Reviews

Tam O’Shanter

Assembly Hall
5-26 Aug

Gerry Mulgrew‘s Communicado Theatre Company – at least the equal of the better known (down south) Kneehigh – has long been a stalwart of the festival, and his dramatisation, with diabolical liberties, of Robert Burns’ longest 18th century picaresque poem is a rare fringe treat.

It raises the bar for fringe production standards – it really should be in the international festival – so feeble at the two National Theatre of Scotland productions I’ve seen this year, and justly delivers a vivid paean to the national poet in the historic parliamentary fastness where Simon Callow dared to evoke Shakespeare two festivals ago.

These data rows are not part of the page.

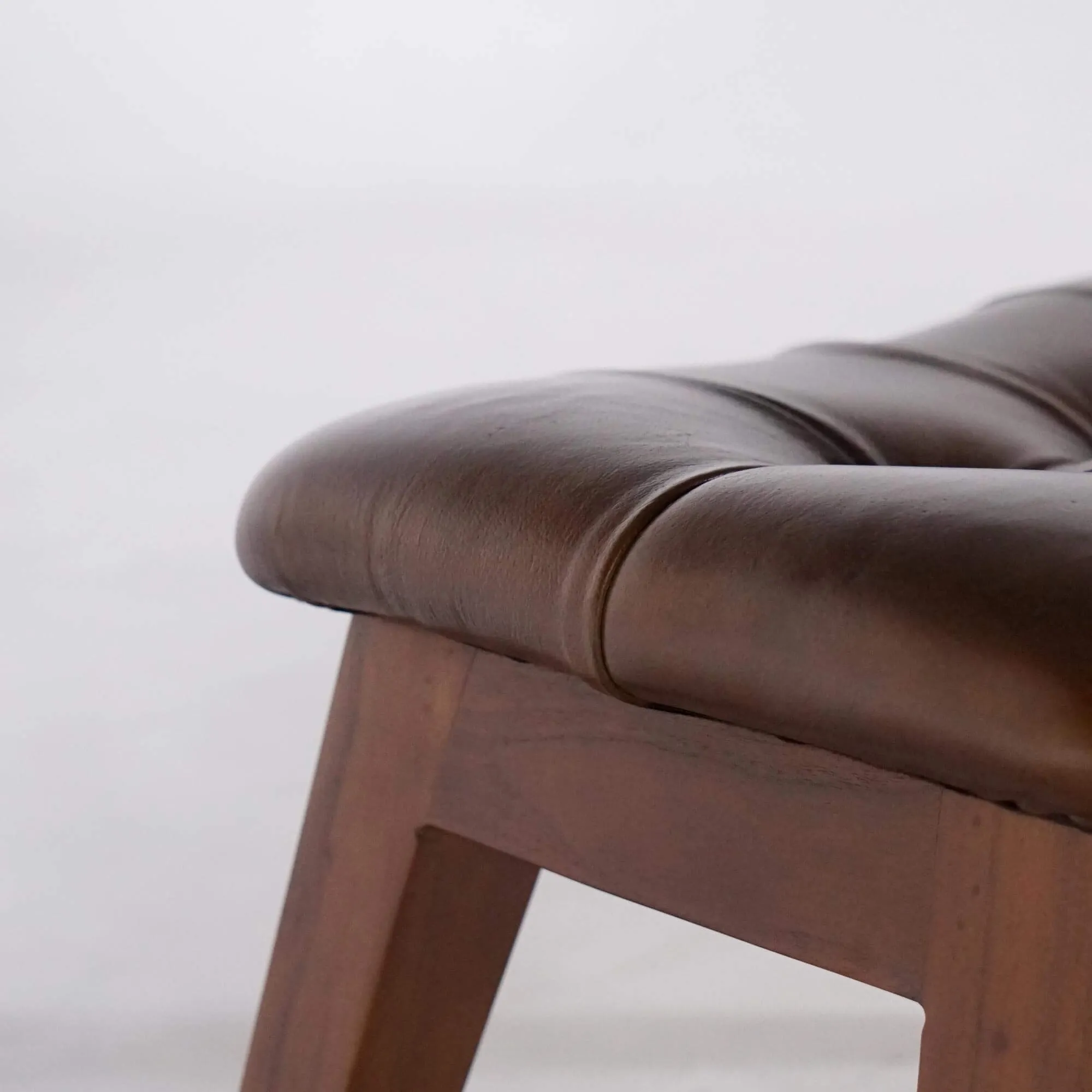 Seine größte Qualität liegt in der Qualität seiner Materialien, dem Mangoholz und dem Büffelleder. Rohe Materialien mit hoher Widerstandsfähigkeit, die Ihrem Raum einen exotischen und natürlichen Touch verleihen. Die Sitzfläche aus Leder ist fleckenabweisend behandelt und mit einem dichten Schaumstoff gepolstert, der den Komfort optimiert. Der braune Lederbezug mit seinen wunderschönen Nähten und der gesteppten Optik ist besonders detailgetreu verarbeitet. Die Beine bestehen aus natürlichem Massivholz, das mit einem Lack auf Wasserbasis behandelt wurde.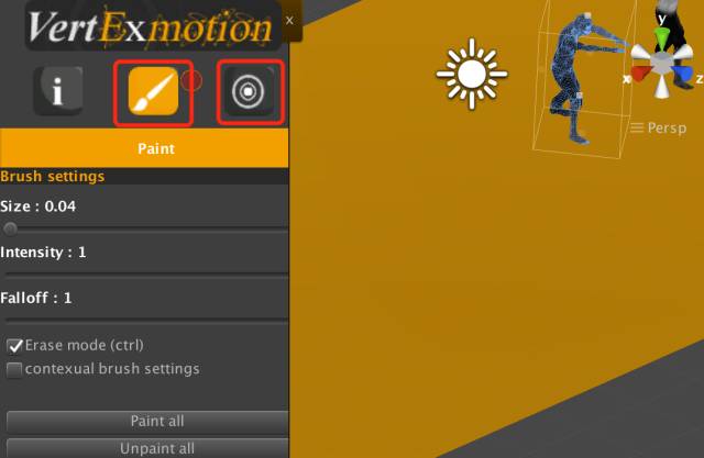 只要为需要动画的角色添加Vert Exmotion脚本,然后利用插件编辑面板中的画刷来“绘制”出角色身上需要进行柔性动画的部位,添加传感器和运动属性即可。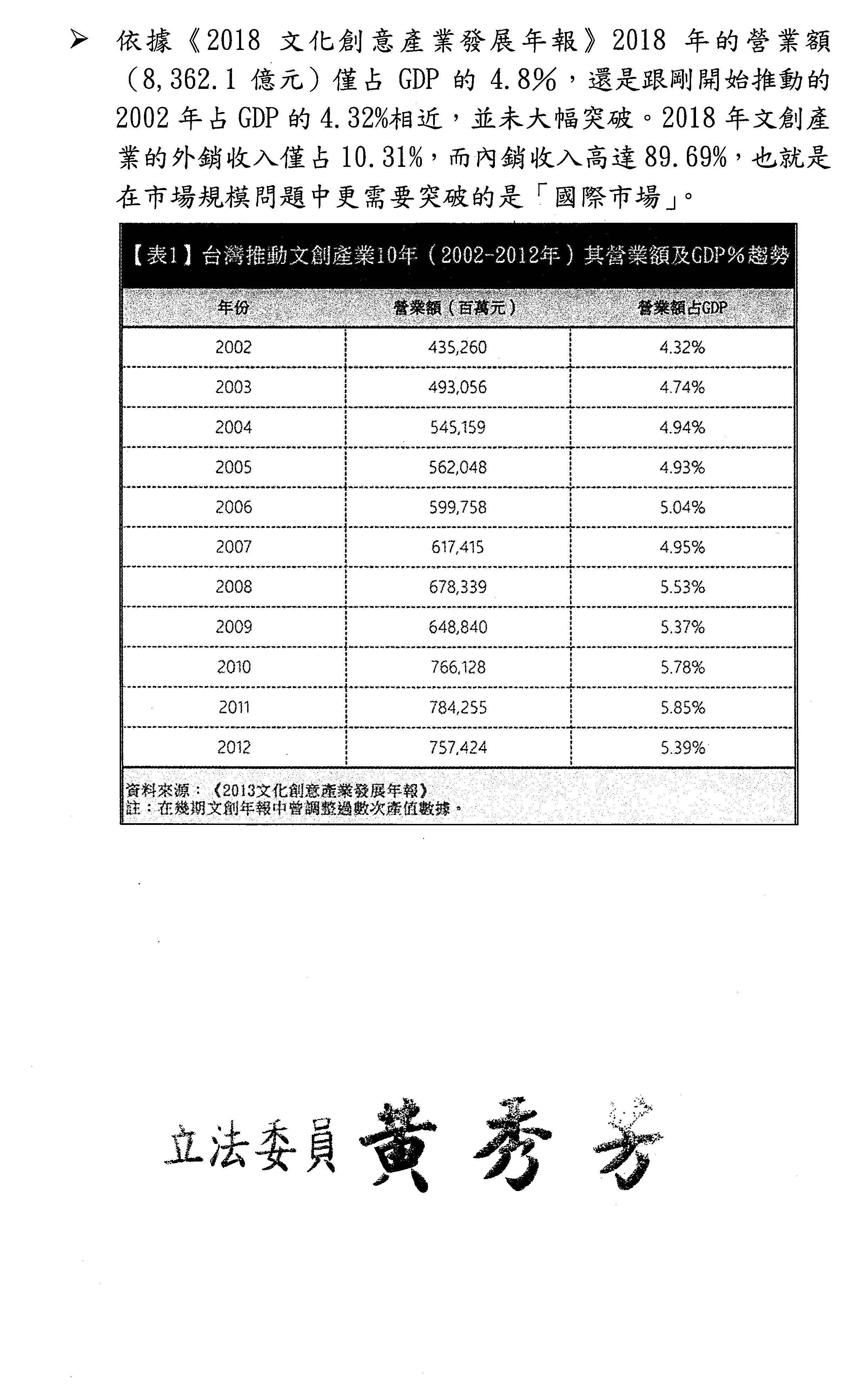 蘇院長貞昌:當然,現在連美國跟中國都發生貿易戰、貿易糾紛,美國甚至於從總統到相關官員一再指責中國各種不當的地方。反觀臺灣在中國一再打壓的情形下,以我們經濟的成長,就第2季GDP來講,我們在亞洲四小龍裡面是第1名,可見在外交處境險峻,在中國一再打壓的情形下,經過人民與政府的努力,我們交出很好的成績。委員剛才所點出來的很重要,有經濟才能讓我們活下去,所以我們一定會更努力來福國利民。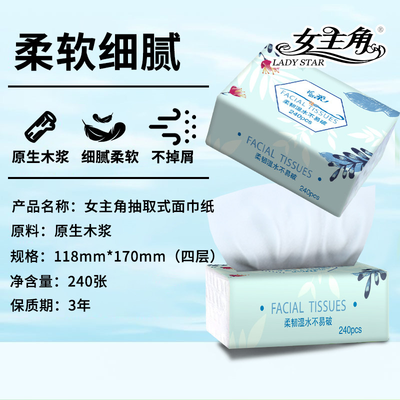 女主角240张抽纸柔厚4层纸巾餐巾纸面巾纸擦手纸纸抽家用好物厨房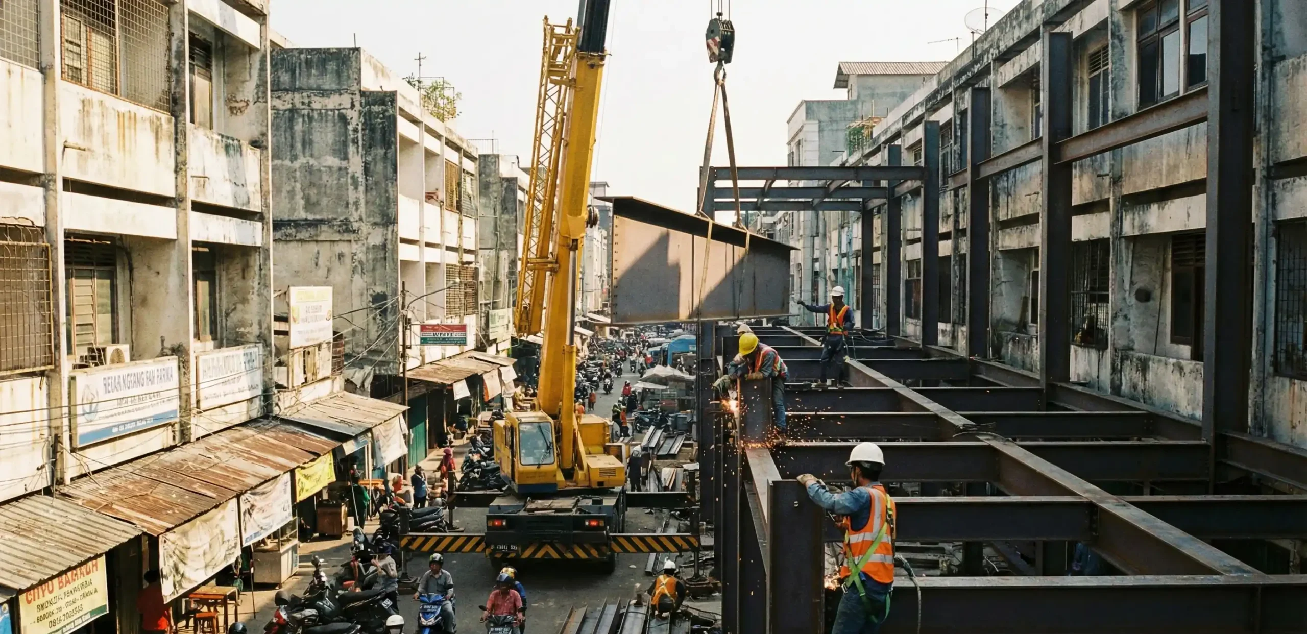 Klien PT. Prima Investa memiliki keresahan utama Lahan proyek berada di tengah area komersial Jakarta Selatan, yang menuntut waktu pengerjaan yang ekstrem cepat agar segera menghasilkan return of investment (ROI).khawatir proyek akan molor lebih dari 6 bulan akibat kesulitan logistik dan efisiensi struktur beton konvensional. Kekhawatiran ini diperparah dengan risiko kemacetan dan jam kerja terbatas di lokasi.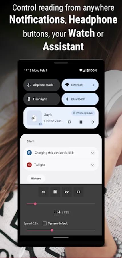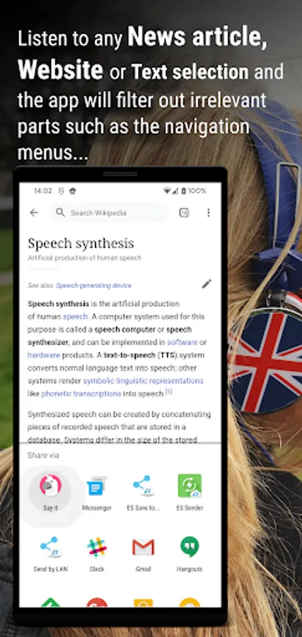 ✓ Listen to any text selection, article or website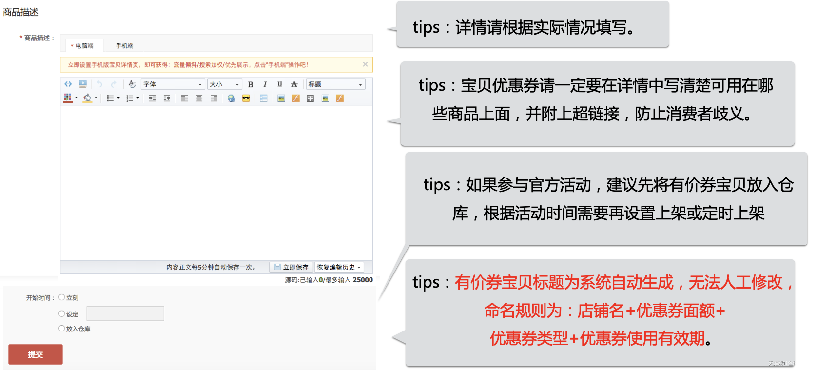 2. 设置步骤-有价优惠券的设置方法比较简单,商品发布成功后即完成设置

The poem, a treasure trove of idiom and rhythmic swagger as the hapless Tam goes capering after a satanic ritual in the ruins of Alloway’s auld haunted kirk, is set in a vigorously unsentimental and irreverent staging by Mulgrew: he’s written long swathes of contemporary doggerel and wrapped the whole thing in a sort of concert party of other Burns material and wonderful folk songs.

So the poet is celebrated – and the show ends with a moving testimony to his muse and talent; he died of rheumatic fever in 1796 aged 37 – while releasing Tam like a genie out of a bottle in various rural Ayrshire settings: a country dance, a chaotic market day, a Halloween party with a beautiful shadow play, a village funeral.

There’s cunning use of film and lighting, and a clever design by Gordon Davidson that features a wonderfully carpentered contraption that serves as cart, pub and pulpit.

Sandy Nelson embodies the very spirit of Tam, an elfin drunk with a reedy small voice, and there are knockout performances, too, from Joyce Falconer, Gerda Stevenson and Malcolm Shields as a dancing, piratical amputee. Musical direction – accordions, drums and bagpipes – by is John Beales, costumes by Kenny Miller. I loved it from start to finish.